Global Short Term Trend: Unknown
Comments: Recent global trend is unknown.
Data from the 1990s did not allow an accurate assessment of recent population trends for the U.S. population, although it was clear the species was not experiencing the marked population increases exhibited by other kites (Meyer and Collopy 1996). Analyses of Breeding Bird Survey (BBS) data were inconclusive. "A cautious assumption that population is stable, with local increases... and decreases" (Meyer 1995). More recently, based on BBS and Christmas Bird Count data, Butcher and Niven (2007) concluded that there is evidence of an increase in the U.S. population. Autumn migration counts around the Gulf of Mexico during 1995-2005 also documented increasing numbers of swallow-tailed kites (Smith et al. 2008) that could reflect a population increase or a shift in migration geography (Farmer et al. 2008).

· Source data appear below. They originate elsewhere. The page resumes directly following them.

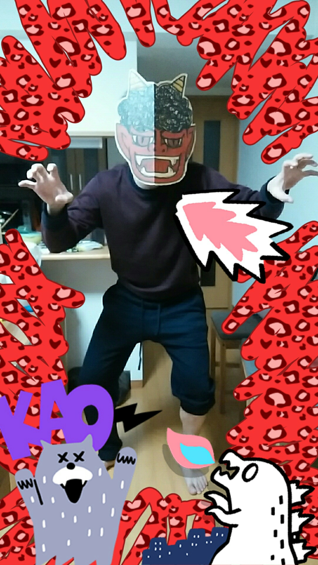 旦那が会社から帰ってくる時に鬼のお面をかぶって部屋に入ってくる段取り。
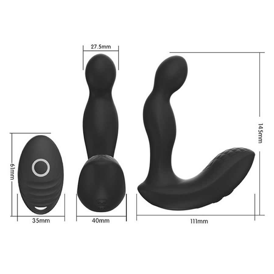 Vibrator za masažo prostate s stimulatorjem presredka je izdelan iz koži prijaznega silikona. Maser prostate vibrira in pulsira v 10 vibracijskih ritmih. Upravlja se ga preko daljinskega upravljalnika. Napajanje vibratorja je preko vgrajene akumulatorske baterije.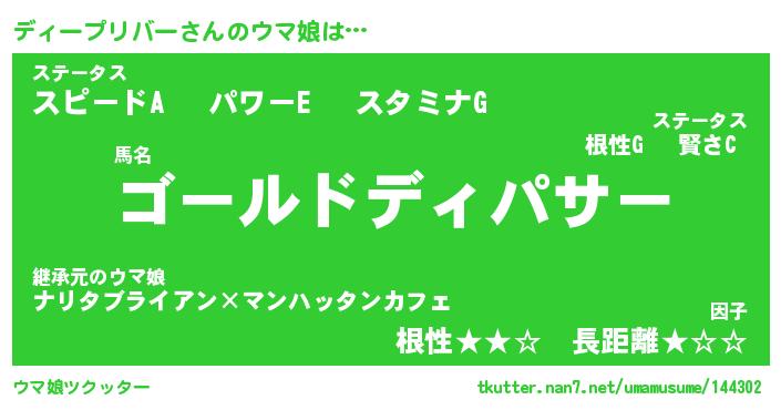 | 男性向けラノベタイトル風あだ名 | 『ディープリバーアートオンライン』 |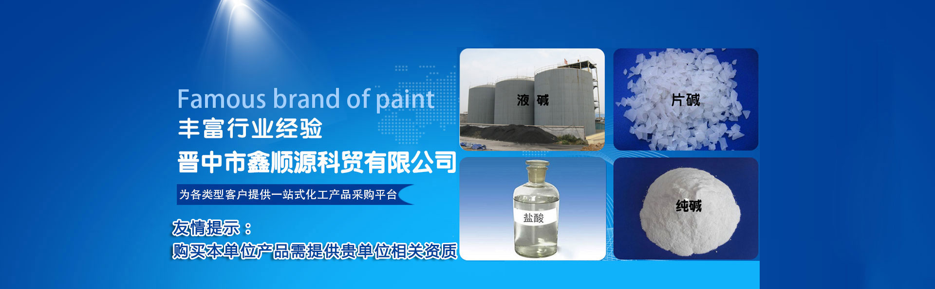 晉中市鑫順源科貿有限公司成立于2012年9月4日,位于榆社縣東大街大寺路,有安監局頒發的中華人民共和國危險化學品經營許可證和非藥品類易制毒化學品經營備案證明,主要經營鹽酸、次氯酸鈉、液堿 、 片堿  、純堿 、  硫酸 、 聚合氯化鋁、 氯化鈣、氯化鋇、氯乙酸、氨水、水處理劑等危險化學品的銷售及運輸......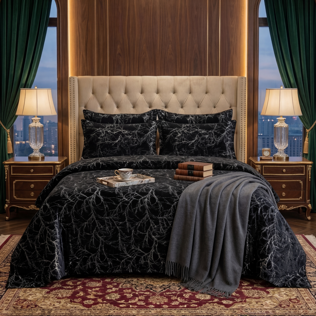 TREE/BLACK VELVET BEDSHEET SET - 5 PCS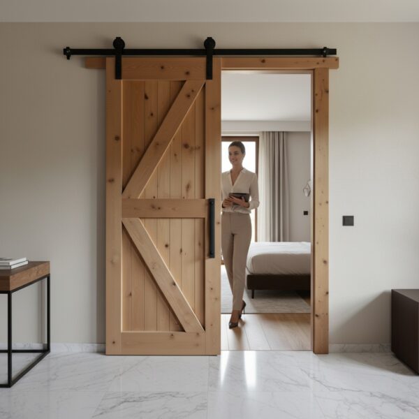 * ✨ Estetik Vurgu: Kapı üzerindeki çapraz ahşap detaylar (Z model), ürüne klasik bir “Barn Door” havası katarak mekanın atmosferini zenginleştirir.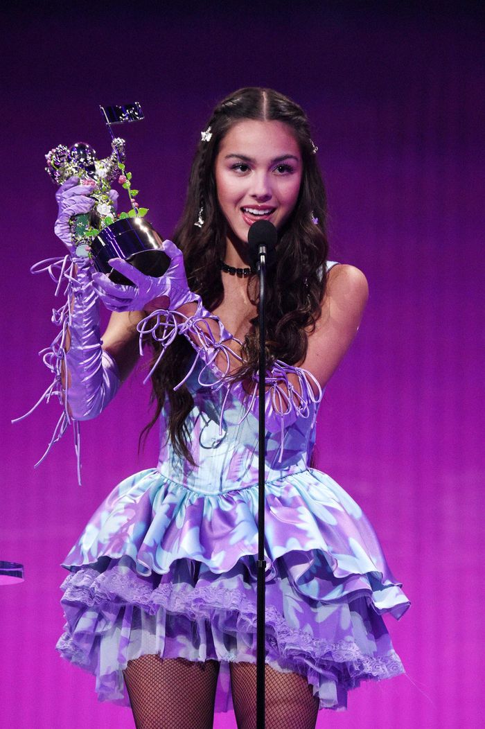 Không chỉ Cardi B, Olivia Rodrigo cũng là tâm điểm chú ý tại sự kiện AMA 2021. Chiếc váy xanh sequin của David Koma đã giúp ngôi sao 18 tuổi khoe vóc dáng, nổi bật ở thảm đỏ. Lúc biểu diễn, cô cũng ưu tiên thiết kế khoét ngực, xẻ tà, thể hiện nét quyến rũ. Trong những sự kiện gần đây, việc cô liên tục xuất hiện với tạo hình gợi cảm khiến fan bất ngờ. Theo Lifeandstylemag, sự chuyển mình trong phong cách của nữ ca sĩ bắt đầu từ lúc cô đủ 18 tuổi vào tháng 2. Tủ quần áo của cô dần phản ánh vị thế của một phụ nữ trẻ trưởng thành. Sau khi đóng vai chính trong Bizaardvark (2016-2019) và High School Musical: The Series (2019-2021), Olivia nhanh chóng tiếp cận khán giả trưởng thành với tư cách là ngôi sao nhạc pop. Với bản hit Drivers License, cô khiến khán giả thán phục ở Saturday Night Live và đang trở thành một ngôi sao thời trang nghiêm túc. "Olivia không nhất thiết phải mặc đến hàng hiệu. Thay vì hỏi món đồ được làm bởi nhà mốt nào, cô ấy hay thắc mắc nó có phải đồ cổ không? Olivia thích thời trang của những năm 1990 và 2000 khi xuất hiện trước công chúng", Chenelle Delgadillo - nhà tạo mẫu của Olivia và chị gái Chloe - nói với The New York Times. Từ khi xuất hiện tại Nhà Trắng trong bộ đồ Chanel hồng năm 1995, phong cách đường phố cổ điển của cô cũng được chú ý. Ảnh: Teen Vogue, Lifeandstylemag, G.

Global Long Term Trend: Unknown
Comments: Long-term global trend is unknown.
Populations declined significantly in the U.S. between 1880 and 1940 (Cely 1979). The U.S. breeding range once included an estimated 21 states, but is now restricted to portions of seven southeastern states (Meyer 1995). During the 1960s-1980s, many local nesting concentrations in Florida disappeared (Meyer and Collopy 1990).